- Stored entries -
= Beginning of Section =

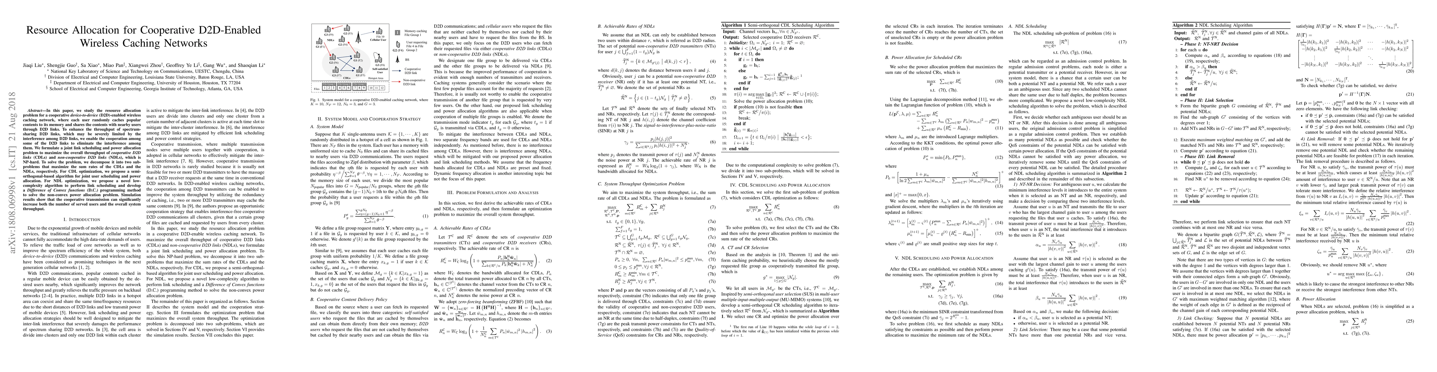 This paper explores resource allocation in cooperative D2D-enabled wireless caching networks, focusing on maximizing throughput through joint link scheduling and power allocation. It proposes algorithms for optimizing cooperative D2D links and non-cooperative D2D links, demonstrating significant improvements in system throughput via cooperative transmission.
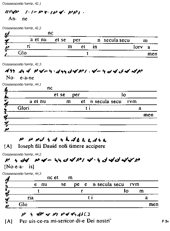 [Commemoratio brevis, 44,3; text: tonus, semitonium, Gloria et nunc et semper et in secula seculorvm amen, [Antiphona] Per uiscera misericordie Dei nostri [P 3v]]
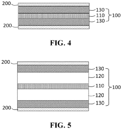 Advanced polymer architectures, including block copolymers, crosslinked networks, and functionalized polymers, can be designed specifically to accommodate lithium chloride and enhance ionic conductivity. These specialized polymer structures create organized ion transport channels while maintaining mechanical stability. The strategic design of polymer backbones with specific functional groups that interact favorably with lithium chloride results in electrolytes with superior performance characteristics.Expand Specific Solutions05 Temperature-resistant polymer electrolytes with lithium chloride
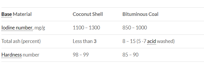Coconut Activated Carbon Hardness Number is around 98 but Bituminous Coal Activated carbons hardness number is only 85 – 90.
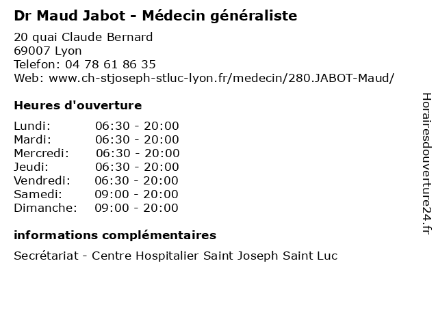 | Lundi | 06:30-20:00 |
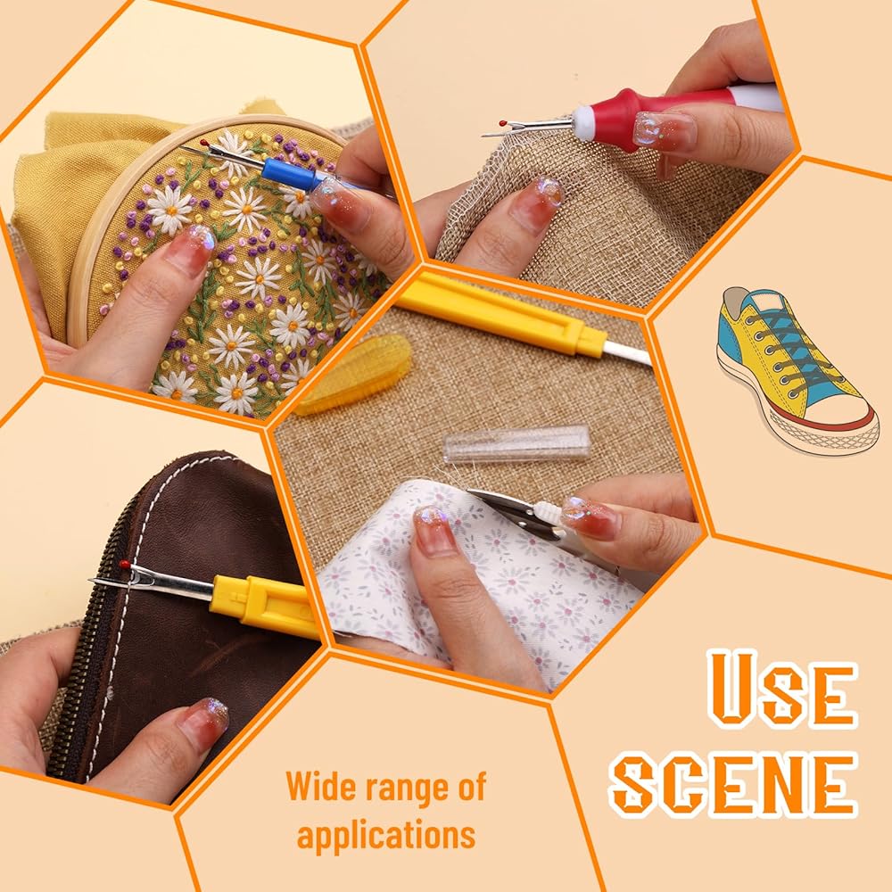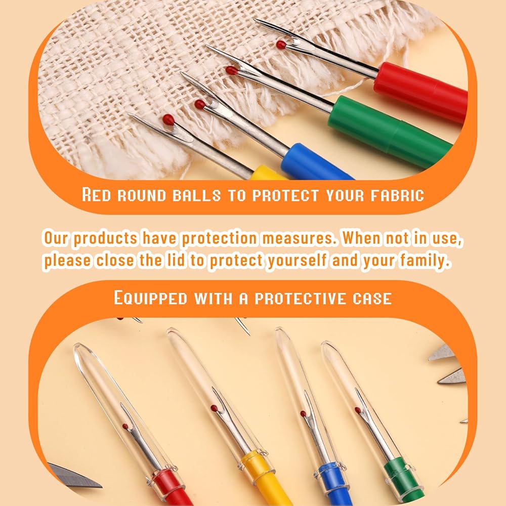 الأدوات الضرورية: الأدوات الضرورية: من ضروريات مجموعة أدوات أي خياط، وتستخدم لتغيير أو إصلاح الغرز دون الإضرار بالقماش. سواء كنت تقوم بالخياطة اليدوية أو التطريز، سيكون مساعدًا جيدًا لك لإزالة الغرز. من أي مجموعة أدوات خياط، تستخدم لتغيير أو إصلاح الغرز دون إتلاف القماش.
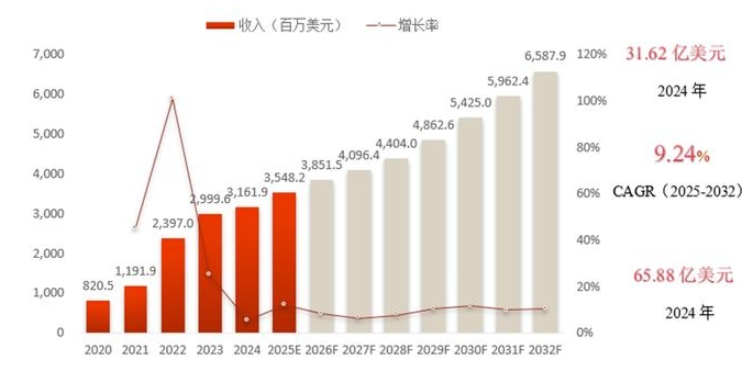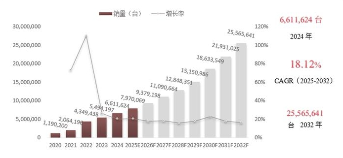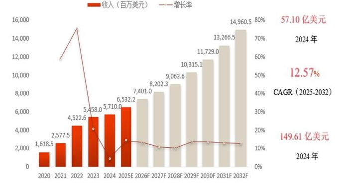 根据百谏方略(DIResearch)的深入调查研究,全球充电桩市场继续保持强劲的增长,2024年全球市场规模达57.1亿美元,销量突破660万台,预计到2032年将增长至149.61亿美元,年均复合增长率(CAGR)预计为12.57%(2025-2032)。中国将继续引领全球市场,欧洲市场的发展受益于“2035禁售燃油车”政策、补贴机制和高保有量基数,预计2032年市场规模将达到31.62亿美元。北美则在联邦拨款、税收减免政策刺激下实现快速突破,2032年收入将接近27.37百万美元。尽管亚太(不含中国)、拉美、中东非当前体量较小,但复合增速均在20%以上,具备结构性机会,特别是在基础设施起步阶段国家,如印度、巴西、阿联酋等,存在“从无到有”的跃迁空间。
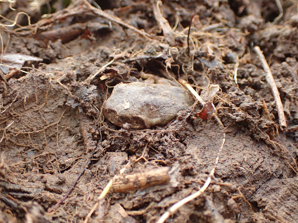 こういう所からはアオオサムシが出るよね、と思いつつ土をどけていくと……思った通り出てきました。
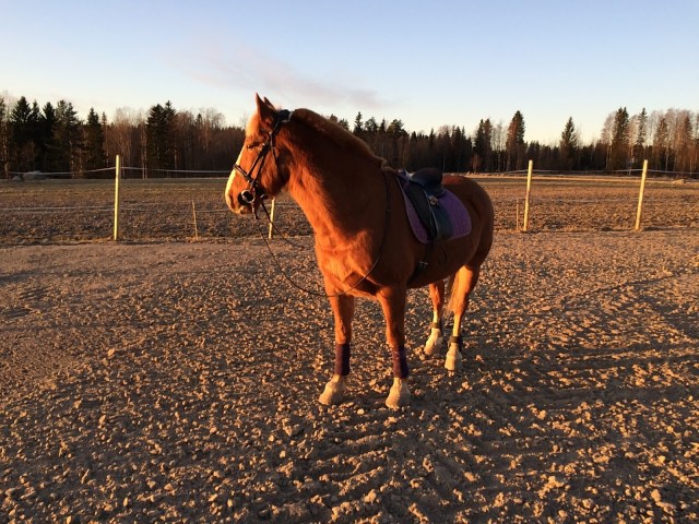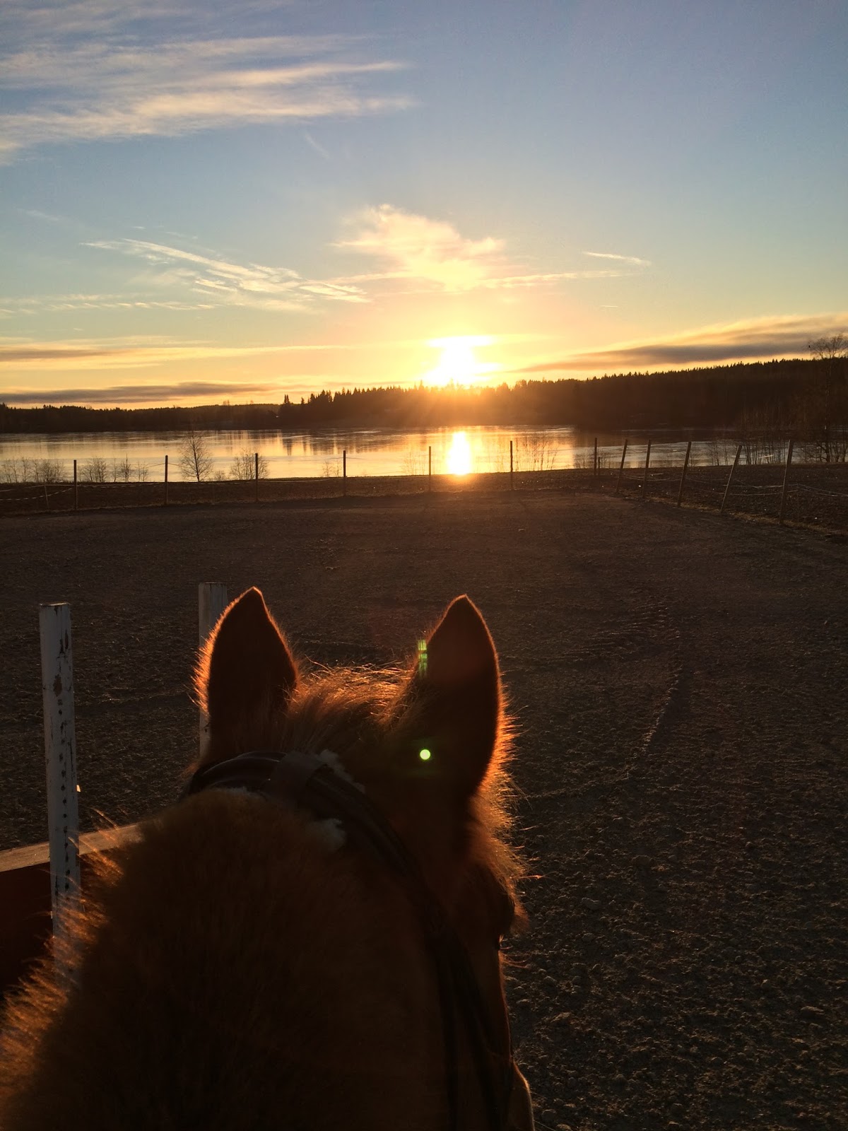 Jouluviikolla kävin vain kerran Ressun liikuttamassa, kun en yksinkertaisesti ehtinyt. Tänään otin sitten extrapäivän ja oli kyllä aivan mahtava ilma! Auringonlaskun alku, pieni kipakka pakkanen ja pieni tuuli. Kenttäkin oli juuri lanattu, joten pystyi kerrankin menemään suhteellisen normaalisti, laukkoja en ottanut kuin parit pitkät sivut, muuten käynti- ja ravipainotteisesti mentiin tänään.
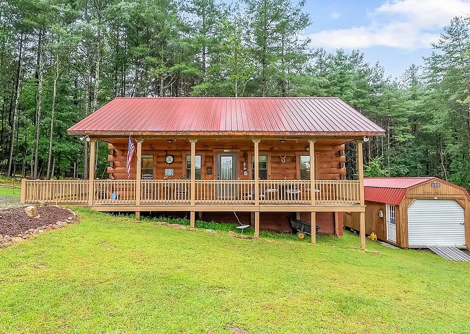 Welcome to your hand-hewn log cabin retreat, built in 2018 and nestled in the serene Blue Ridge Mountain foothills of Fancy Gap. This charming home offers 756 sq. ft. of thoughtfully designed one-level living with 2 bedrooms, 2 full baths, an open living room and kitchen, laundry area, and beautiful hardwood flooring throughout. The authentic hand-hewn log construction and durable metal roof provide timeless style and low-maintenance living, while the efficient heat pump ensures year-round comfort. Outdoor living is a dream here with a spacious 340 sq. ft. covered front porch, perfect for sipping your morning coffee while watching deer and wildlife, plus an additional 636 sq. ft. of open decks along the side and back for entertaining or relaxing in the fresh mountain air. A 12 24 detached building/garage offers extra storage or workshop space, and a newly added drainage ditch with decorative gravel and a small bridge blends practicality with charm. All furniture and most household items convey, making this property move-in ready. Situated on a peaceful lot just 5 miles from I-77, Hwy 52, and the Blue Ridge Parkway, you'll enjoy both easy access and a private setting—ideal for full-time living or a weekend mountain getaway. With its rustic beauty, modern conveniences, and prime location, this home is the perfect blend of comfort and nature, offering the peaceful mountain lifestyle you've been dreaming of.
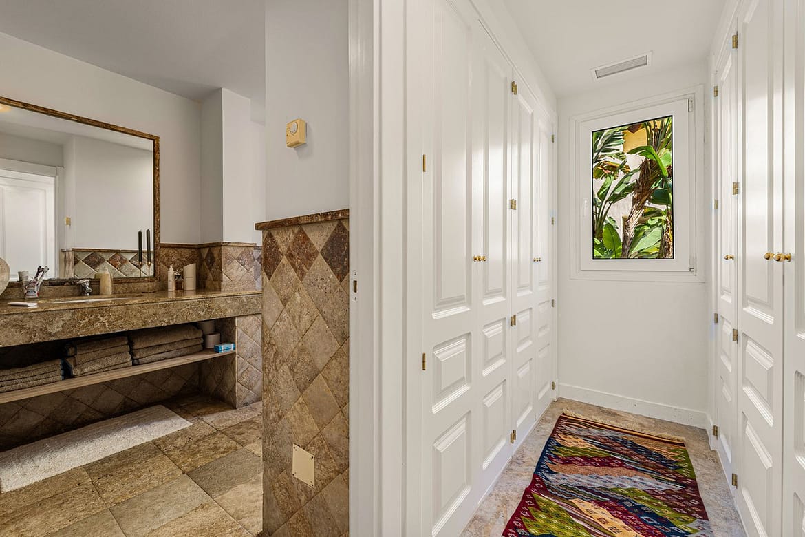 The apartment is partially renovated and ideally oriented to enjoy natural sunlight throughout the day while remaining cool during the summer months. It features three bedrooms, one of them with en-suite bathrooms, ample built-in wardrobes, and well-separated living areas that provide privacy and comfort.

= End of Section =

- Exercise brief -
Copy out exactly the lines that begin at the line with "Jouluviikolla kävin vain" and end at the final line of the entries above. Leave out the pictures.

- Result of this exercise -
 Jouluviikolla kävin vain kerran Ressun liikuttamassa, kun en yksinkertaisesti ehtinyt. Tänään otin sitten extrapäivän ja oli kyllä aivan mahtava ilma! Auringonlaskun alku, pieni kipakka pakkanen ja pieni tuuli. Kenttäkin oli juuri lanattu, joten pystyi kerrankin menemään suhteellisen normaalisti, laukkoja en ottanut kuin parit pitkät sivut, muuten käynti- ja ravipainotteisesti mentiin tänään.
 Welcome to your hand-hewn log cabin retreat, built in 2018 and nestled in the serene Blue Ridge Mountain foothills of Fancy Gap. This charming home offers 756 sq. ft. of thoughtfully designed one-level living with 2 bedrooms, 2 full baths, an open living room and kitchen, laundry area, and beautiful hardwood flooring throughout. The authentic hand-hewn log construction and durable metal roof provide timeless style and low-maintenance living, while the efficient heat pump ensures year-round comfort. Outdoor living is a dream here with a spacious 340 sq. ft. covered front porch, perfect for sipping your morning coffee while watching deer and wildlife, plus an additional 636 sq. ft. of open decks along the side and back for entertaining or relaxing in the fresh mountain air. A 12 24 detached building/garage offers extra storage or workshop space, and a newly added drainage ditch with decorative gravel and a small bridge blends practicality with charm. All furniture and most household items convey, making this property move-in ready. Situated on a peaceful lot just 5 miles from I-77, Hwy 52, and the Blue Ridge Parkway, you'll enjoy both easy access and a private setting—ideal for full-time living or a weekend mountain getaway. With its rustic beauty, modern conveniences, and prime location, this home is the perfect blend of comfort and nature, offering the peaceful mountain lifestyle you've been dreaming of.
 The apartment is partially renovated and ideally oriented to enjoy natural sunlight throughout the day while remaining cool during the summer months. It features three bedrooms, one of them with en-suite bathrooms, ample built-in wardrobes, and well-separated living areas that provide privacy and comfort.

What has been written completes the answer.